Go for llano eyes closed. Its onboard(on-die) graphics are far better than the config. jaskanwar suggested. Although his config is very good, but makes sense if you plan to add a gpu in future. If not, then llano is your best friend.

Go for cm elite 310 cabinet @ 1.6k instead of cm 430 to cut down on costs.


----------



## vinayan (Jul 11, 2011)

i wonder if LLano is available in Kerala..and he is not open to online shopping..


----------



## mitraark (Jul 11, 2011)

Jaskanwar Singh said:


> *Component*
> |
> *Make*
> |
> ...



If i suggest to buy a M68 motherboard [ Rs 2500 ] in place of this one GA-880GM-UD2H, what disadvantages could that have ?


----------



## Cilus (Jul 11, 2011)

M68 is basically designed for am2 AND aM2+ PROCESSORS and does not support all the advance features of the AM3 processors.
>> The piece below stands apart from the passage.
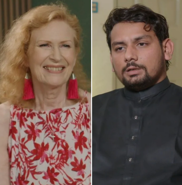 А, тя е от "Наобратно", не от британското. Рисува, обича изкуството и си е намерила по интернет мароканец на 24 години, който също обича изкуството, прави коментари на нейните рисунки ,вази и т.н., говорели си за изящни изкуства в интернет, ти да видиш. Нейният син е с 20 години по-голям от този Осама, мароканеца. И като разбра, че майка му ще се жени за над 40 години по-млак от него, му светна червената лампичка, че мароканчето е използвач. Даваха ги миналата събота в "Наобратно", тази вечер е новият епизод.

If a Am3 processor is plugged the HT link (Link which is used to communicate between the Mobo and CPU) will downgraded to HT 2.0 to HT1.0. Also advanced overclocking features, Advanced Clock Calibration or ACC features will be missing. most of the M68 chipset based mobos  also comes with only 2 Ram slots, limiting the future upgradability options.


----------



## SalviBS (Apr 8, 2012)

u better buy A Dell Alienware Aurora the best all can contribute and get togethere


----------